Applying distillation techniques to multi-class object detection, in contrast to image classification, is challenging for several reasons. First, the performance of detection models suffers more degradation with compression, since detection labels are more expensive and thereby, usually less voluminous.Second, knowledge distillation is proposed for classification assuming each class is equally important, whereas that is not the case for detection where the background class is far more prevalent. Third, detection is a more complex task that combines elements of both classification and bounding box regression. Finally, an added challenge is that we focus on transferring knowledge within the same domain (images of the same dataset) with no additional data or labels, as opposed other works that might rely on data from other domains (such as high-quality and low-quality image domains, or image and depth domains)






To address the above challenges, we propose a method to train fast models for object detection with knowledge distillation. Our contributions are four-fold: 

• We propose an end-to-end trainable framework for learning compact multi-class object detection models through knowledge distillation (Section 3.1). To the best of our knowledge, this is the first successful demonstration of knowledge distillation for the multi-class object detection problem.

• We propose new losses that effectively address the aforementioned challenges. In particular, we propose a weighted cross entropy loss for classification that accounts for the imbalance in the impact of misclassification for background class as opposed to object classes (Section 3.2), a teacher bounded regression loss for knowledge distillation (Section 3.3) and adaptation layers for hint learning that allows the student to better learn from the distribution of neurons in intermediate layers of the teacher (Section 3.4).

• We perform comprehensive empirical evaluation using multiple large-scale public benchmarks.Our study demonstrates the positive impact of each of the above novel design choices, resulting in significant improvement in object detection accuracy using compressed fast networks, consistently across all benchmarks (Sections 4.1 – 4.3).

• We present insights into the behavior of our framework by relating it to the generalization and under-fitting problems (Section 4.4).



• 我们提出了一个端到端可训练的框架,通过知识蒸馏学习紧凑的多类目标检测模型(第3.1节)。据我们所知,这是对多类目标检测问题进行知识蒸馏的首次成功演示。

• 我们提出了新的损失函数,有效解决了上述挑战。特别地,我们提出了一种加权交叉熵损失,用于分类,考虑了对背景类别和目标类别的误分类影响不平衡(第3.2节),一种用于知识蒸馏的教师边界回归损失(第3.3节),以及用于提示学习的适应层,允许学生更好地从教师的中间层神经元分布中学习(第3.4节)。

• 我们使用多个大规模公共基准进行了全面的实证评估。我们的研究表明了上述每个新设计选择的积极影响,在所有基准测试中,使用压缩快速网络显著提高了目标检测准确性(第4.1 - 4.3节)。

• 我们通过将其与泛化和欠拟合问题相关联,提供了对我们框架行为的深入见解(第4.4节)。

Related Works



Overall Structure

对于主干网络,作者使用FitNet中的hint learning进行蒸馏,即加入adaptation layers使得feature map的维度匹配

对于分类任务的输出,使用加权cross entropy loss来解决类别失衡严重问题

对于回归任务,除了原本的smooth L1 loss,作者还提出teacher bounded regression loss,将教师的回归预测作为上界,学生网络回归的结果更优则该损失为0。

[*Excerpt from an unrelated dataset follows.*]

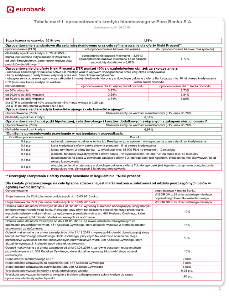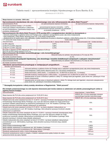 Tabela marż i oprocentowania kredytu hipotecznego w Euro Banku S.A. obowiązuje od 01.06.2016 r. Stopa bazowa na czerwiec 2016 roku 1,68% Oprocentowanie standardowe dla celu mieszkaniowego oraz celu refinansowanie dla oferty Niski Procent** oprocentowanie (PLN) dla każdej wysokości kredytu i LTV do 85% marża jest ustalana indywidualnie w zależności od cech Kredytobiorcy, parametrów kredytu oraz produktów dodatkowych* od (oprocentowanie bazowe minimalne) do (oprocentowanie bazowe maksymalne) oprocentowanie bazowe minimalne – 3,97%; oprocentowanie bazowe minimalne po obniżkach za produkty dodatkowe – 3,67% 4,77% Oprocentowanie dla oferty Niski Procent z DTR poniżej 40% z uwzględnieniem obniżek za skorzystanie z: - rachunku bankowego w pakiecie Active lub Prestige wraz z wpływem wynagrodzenia przez cały okres kredytowania - karty kredytowej z oferty Banku aktywnej przez min. 5 lat okresu kredytowania - ubezpieczenia od ryzyka zgonu oraz całkowitej i trwałej niezdolności do pracy w dowolnym pakiecie z oferty Banku przez min. 10 lat okresu kredytowania liczba źródeł dochodu LTV (stosunek kwoty kredytu do wartości nieruchomości) oprocentowanie dla 2 i więcej źródeł dochodu oprocentowanie dla 1 źródła dochodu do 60% włącznie od 60,01% do 80% włącznie od 80,01% do 85% włącznie Dla DTR w zakresie od 40% włącznie do 45% marża wyższa o 0,25 p.p. Dla DTR od 45% marża wyższa o 0,47 p.p. 3,67% 3,68% 3,74% 3,73% 3,84% 3,90% Oprocentowanie dla kredytu konsolidacyjnego i celu konsolidacyjnego* Oprocentowanie (PLN) dla każdej wysokości kredytu Stosunek kwoty do wartości nieruchomości (LTV) max do 70% 6,17% Oprocentowanie dla pożyczki hipotecznej, celu dowolnego i kosztów dodatkowych związanych z zakupem nieruchomości* Oprocentowanie (PLN) dla każdej wysokości kredytu Stosunek kwoty do wartości nieruchomości (LTV) max do 70% 6,67% *Obniżenie oprocentowania przysługuje w następujących przypadkach: Obniżka oprocentowania 0,2 p.p. 0,1 p.p. 0,1 p.p. 0,1 p.p. 0,1 p.p. 0,1 p.p. Produkt rachunek bankowy w pakiecie Active lub Prestige wraz w wpływem wynagrodzenia przez cały okres kredytowania karta kredytowa z oferty banku aktywna przez min. 5 lat okresu kredytowania lokata terminowa z oferty banku – w wysokości min. 15 000 PLN na okres min. 12 miesięcy jednostki funduszy inwestycyjnych z oferty banku – w wysokości min.10 000 PLN na okres min. 12 miesięcy ubezpieczenie na życie w dowolnym pakiecie z oferty TU, którego bank jest Agentem, przez okres min. pierwszych 10 lat okresu kredytowania ubezpieczenie od utraty pracy w dowolnym pakiecie z oferty TU, którego bank jest Agentem; utrzymanie ubezpieczenia przez okres min. pierwszych 3 lat okresu kredytowania ** Szczegóły korzystania z oferty zostały określone w Regulaminie "Niski procent" Dla kredytu przeznaczonego na cele łączone stosowana jest marża ważona w zależności od udziału poszczególnych celów w ogólnej kwocie kredytu. Oprocentowanie Stopa bazowa dla PLN (dla umów podpisanych do 15.05.2015 roku) Stopa bazowa dla PLN (dla umów podpisanych od 16.05.2015 roku) Odsetki karne dla umów zawartych do dnia 31.12.2015 r. wynoszą 4-krotność obowiązującej stopy kredytu lombardowego Narodowego Banku Polskiego, przy czym tak obliczone odsetki nie mogą przekroczyć wysokości odsetek maksymalnych za opóźnienie przewidzianych w art. 481 Kodeksu Cywilnego, które aktualnie wynoszą 2-krotność odsetek ustawowych za opóźnienie. Odsetki karne dla umów zawartych od dnia 01.01.2016 r. są równe odsetkom maksymalnym za opóźnienie przewidzianym w art. 481 Kodeksu Cywilnego, które aktualnie wynoszą 2-krotność odsetek ustawowych za opóźnienie. Odsetki maksymalne dla umów zawartych do dnia 31.12.2015 r. wynoszą 4-krotność obowiązującej stopy kredytu lombardowego Narodowego Banku Polskiego, przy czym tak obliczone odsetki nie mogą przekroczyć wysokości odsetek maksymalnych przewidzianych w art. 359 Kodeksu Cywilnego, które aktualnie wynoszą 2- krotność stopy odsetek ustawowych. Odsetki maksymalne dla umów zawartych od dnia 01.01.2016 r. są równe odsetkom maksymalnym przewidzianym w art. 359 Kodeksu Cywilnego, które aktualnie wynoszą 2-krotność stopy odsetek ustawowych. Stopa kredytu lombardowego NBP Stopa odsetek ustawowych za opóźnienie (art. 481 Kodeksu Cywilnego) Stopa odsetek ustawowych przewidziana (art. 359 Kodeksu Cywilnego) Wysokość podwyższenia marży z tytułu brakującego wkładu Wysokość podwyższenia marży w związku z brakiem zabezpieczenia spłaty kredytu do czasu uprawomocnienia się wpisu hipoteki stopa bazowa + marża Banku WIBOR 3M z 25 dnia ostatniego miesiąca poprzedniego kwartału kalendarzowego WIBOR 3M z 25 dnia ostatniego miesiąca 10% 14% 10% 10% 2,50% 7,00% 5,00% 0,25 p.p. 1,20 p.p. 1

Knowledge Distillation for Classification with Imbalanced Classes



Knowledge Distillation for Regression with Teacher Bounds


Hint Learning with Feature Adaptation


FitNets中hint learning的误差


We propose a novel framework for learning compact and fast CNN based object detectors with the knowledge distillation. Highly complicated detector models are used as a teacher to guide the learning process of efficient student models. Combining the knowledge distillation and hint framework together with our newly proposed loss functions, we demonstrate consistent improvements over various experimental setups. Notably, the compact models trained with our learning framework execute significantly faster than the teachers with almost no accuracy compromises at PASCAL dataset. Our empirical analysis reveals the presence of under-fitting issue in object detector learning, which could provide good insights to further advancement in the field.